Opinion

Book Club: A Web Series — A Review

Kit Steinkellner

Staff Writer

Kit Steinkellner is a playwright, screenwriter, and creative writing teacher. She also writes about books and reading  at Books Are My Boyfriends. Follow her onTwitter: @BooksAreMyBFs

A few days ago, an acquaintance posted a link on my Facebook wall.

“You will LOVE,” she insisted.

The link took me to Hulu’s “Book Club: A Web Series For Bibliophiles.”  The first season is made up of eleven episodes, each five to seven minutes long, excluding the fourteen minute pilot. The log line was easy to find: “After being rejected from their town’s elite book club, a pill-popping young woman and a deeply closeted gay man start their own book club made up of local misfits and both fall in love with the town librarian. With every other meeting focused on a different book, Book Club explores both literary lessons applicable to daily life as well as the humor found in simple, monthly interactions of people dying to relate.”

That was more than enough to get me watching. I’ll just come right out and say it now, I did not love this series. I wanted to. I didn’t. Let’s talk.

First, I want to touch on the technical storytelling problems. Then I’ll get into why I don’t think this is a web series for bibliophiles, why I think it completely misses the point of being a bibliophile.

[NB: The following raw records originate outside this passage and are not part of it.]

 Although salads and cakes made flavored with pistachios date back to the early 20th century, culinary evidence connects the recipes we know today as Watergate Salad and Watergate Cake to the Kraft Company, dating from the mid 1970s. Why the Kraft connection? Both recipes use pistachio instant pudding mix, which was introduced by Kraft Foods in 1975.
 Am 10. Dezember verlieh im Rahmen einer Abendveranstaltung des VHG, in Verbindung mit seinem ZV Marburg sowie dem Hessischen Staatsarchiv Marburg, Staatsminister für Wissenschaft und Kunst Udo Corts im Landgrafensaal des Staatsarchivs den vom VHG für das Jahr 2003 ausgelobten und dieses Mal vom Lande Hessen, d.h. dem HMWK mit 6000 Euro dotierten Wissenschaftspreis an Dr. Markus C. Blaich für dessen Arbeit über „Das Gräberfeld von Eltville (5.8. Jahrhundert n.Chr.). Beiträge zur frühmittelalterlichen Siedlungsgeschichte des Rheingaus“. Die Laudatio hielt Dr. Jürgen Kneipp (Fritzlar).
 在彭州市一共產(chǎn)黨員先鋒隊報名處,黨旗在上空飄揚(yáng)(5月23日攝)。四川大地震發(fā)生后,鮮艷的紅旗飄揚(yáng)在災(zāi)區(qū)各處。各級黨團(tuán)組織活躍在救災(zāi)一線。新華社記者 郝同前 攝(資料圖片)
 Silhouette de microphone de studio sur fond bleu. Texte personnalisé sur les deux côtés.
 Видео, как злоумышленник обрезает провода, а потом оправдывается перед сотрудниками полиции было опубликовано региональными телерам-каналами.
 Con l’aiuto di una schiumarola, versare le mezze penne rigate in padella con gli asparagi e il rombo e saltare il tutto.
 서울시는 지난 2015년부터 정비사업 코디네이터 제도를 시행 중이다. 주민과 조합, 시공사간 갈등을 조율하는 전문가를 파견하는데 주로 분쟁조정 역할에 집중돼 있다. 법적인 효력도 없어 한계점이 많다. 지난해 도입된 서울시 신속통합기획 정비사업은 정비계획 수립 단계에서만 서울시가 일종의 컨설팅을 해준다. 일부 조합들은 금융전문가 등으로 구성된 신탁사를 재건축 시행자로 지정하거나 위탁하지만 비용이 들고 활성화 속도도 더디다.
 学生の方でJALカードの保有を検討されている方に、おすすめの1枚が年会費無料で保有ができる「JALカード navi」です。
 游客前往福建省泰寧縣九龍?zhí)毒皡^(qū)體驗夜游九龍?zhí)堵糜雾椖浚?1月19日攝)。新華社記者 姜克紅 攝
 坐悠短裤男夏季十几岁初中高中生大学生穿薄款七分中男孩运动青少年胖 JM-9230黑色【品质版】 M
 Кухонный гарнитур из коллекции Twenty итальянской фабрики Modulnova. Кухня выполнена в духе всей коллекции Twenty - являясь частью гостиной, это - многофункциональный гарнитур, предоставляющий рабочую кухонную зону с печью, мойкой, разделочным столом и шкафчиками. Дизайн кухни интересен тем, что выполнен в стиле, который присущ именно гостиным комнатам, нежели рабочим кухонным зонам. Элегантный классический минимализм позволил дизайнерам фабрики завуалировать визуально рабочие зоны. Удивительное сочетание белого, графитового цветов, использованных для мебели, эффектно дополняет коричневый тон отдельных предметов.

Let’s start here. After pill-popping Harlo and deeply closeted gay man Thad found the organization, “The Walhalla Book Club” is rounded out by ex-convict Louis, unhinged mother of small children Sharon, sexually inappropriate priest Father Joseph, and offensive Asian stereotype Ling. The books they read are, in order,  James Joyce’s Ulysses, fictional soft-core romance novel Cougar Enchantments, Oscar Wilde’s Picture of Dorian Gray, Barbara M. Joosse’s inner-city set picture book Stars in the Darkness, and Tim O’Brien’s The Things They Carried. The books are rarely discussed. Instead, the club either participates in book-related arts and crafts and performance activities that makes the majority of the members look and feel foolish, or “Stories,” the elite book club referred to in the log line drops in and delivers vaguely ominous dialogue. The members of Stories were far and away my favorite characters, in particular their ice-queen leader Aubrey, played by Julie McNiven (recognizable in that “I remember her from something” kind of way, she plays Hildy, Pete Campbell’s secretary on Mad Men.) 

I knew I was supposed to be rooting for the misfits of The Walhalla Book Club, but I found so little to root for. The characters were cartoonish, none of their interactions felt honest, I couldn’t understand why these people kept meeting up to spend time together month after month. I would have been out of there in five minutes flat. No, that’s a lie, I’m not that assertive, I would have waited ’til the break, pretended to get a call, lied to everyone and explained that a friend’s car broke down, and then gone home and eaten something with a lot of calories to get the taste of all that crazy out of my mouth. The Walhalla Book Club clearly doesn’t like each other very much, and because of that, I don’t like them very much either. The books they read make no sense together, and the characters seem to gain little to nothing from reading these classics and eclectic finds.

(Also, word to the wise, if you’re going to start your book club off with a classic, don’t make it all-783-pages-of Ulysses. Slant the prompt and pick a slim, hip NYRB Classics book like John William’s Stoner or Elaine Dundy’s Dud Avocado. I’ll go to that book club. And I’ll watch that web series.)

I didn’t believe The Walhalla Book Club as an organized group. I didn’t believe many of them as human beings. Most of all, I didn’t believe them as bibliophiles. Certainly not bibliophiles worthy of my eyeballs. Every day on Twitter, Tumblr, and book blogs, I see hilarious, fascinating, borderline-explosive, and every once in a while certifiably enlightening interactions between book lovers. These bibliophiles are characters worthy of fiction and I’m sure most of them don’t even realize it. I think the problem with Book Club is that the series did not trust its premise. It seemed like these bizarre characters and their improbable interactions with one another was storytelling smoke and mirrors, as if the creatives behind this series were worried that people talking about books wasn’t enough. I think it can be enough. I think it can be the core of a story worth telling. Certainly books like The Jane Austen Book Club  and The Guernsey Literary and Potato Peel Pie Society figured it out. Book lovers are worthy subjects of fiction.

You just have to have the right book lovers. And you just have to have the right books.